I feel like Malaysia is lacking biostatistician. We do have a lot qualified biostatistician but not enough practicing biostatistician. In Malaysia, in most universities especially UKM, UM & USM, biostatistics is taught together with epidemiology. Eventhough there are similarities between epid & biostat but they are different. I am not practicing epid that much now so my knowledge on epid is disappearing. But talking about biostatistician, for medical & health research in Malaysia, we need to produce more and more biostatistician.
The issue now is whether we produce non-doctor biostatistician or doctor biostatistician? For some, they said it is a waste for medical doctor to do anything else other than medicine. Well….then Dr Mahathir is the example of major waste in the country. So do few of other leaders, oppositions alike.
I feel that medical doctor should take up biostatistic with epidemiology as elective (rather than core subjects) if they want to be a biostatistician or medical statistics. We know the lingo. We can easily understand what clients want. For non-doctors, they need to practice longer time to understand medical & health terms.
Secondly, being statistician, even though we need to learn mathematics & know the basics of everything but when talking to clients, we should speak their ‘language’ i.e. medical & health language and not statistical jargons.

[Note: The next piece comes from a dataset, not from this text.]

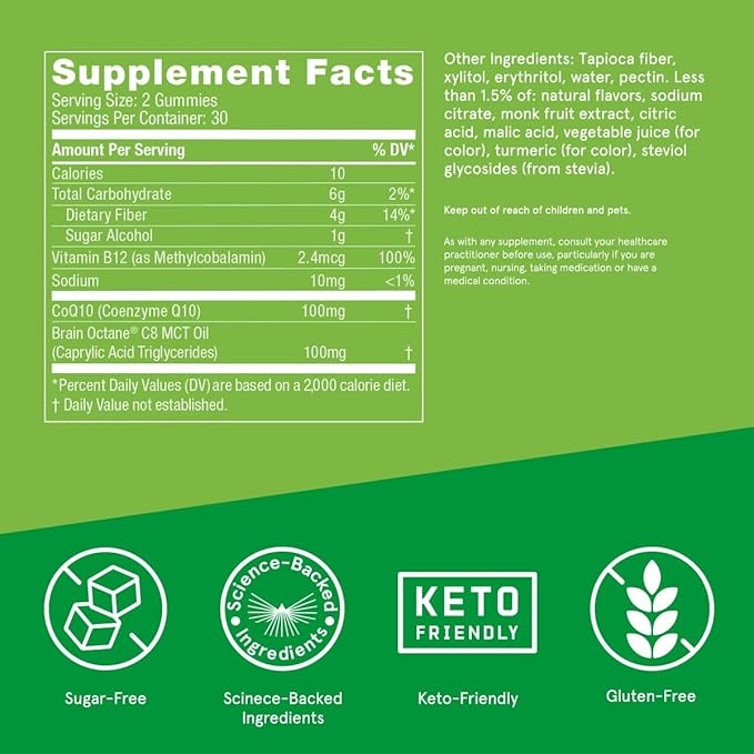 - Give your body its daily boost with this sugar-free gummy. CoQ10 and 100% Daily value of vitamin B12 work together to help support your cellular energy production, while Brain Octane Oil provides sustained energy. Your go-to blend for daily energy support: 100% Daily Value of B12, 100mg CoQ10, 100mg Brain Octane Oil

Just hide certain details like covariance, estimate, likelihood etc. Convert these terms to miningful meaningful terms for the clients.
Thirdly, educate the clients. Tell them when to use standard deviation and when to use standard error for example. But tell them slowly & must provide example.
Lastly, don’t print all the statistical output to them. Select relevant tables & graphs only. Guide them on how to report those findings.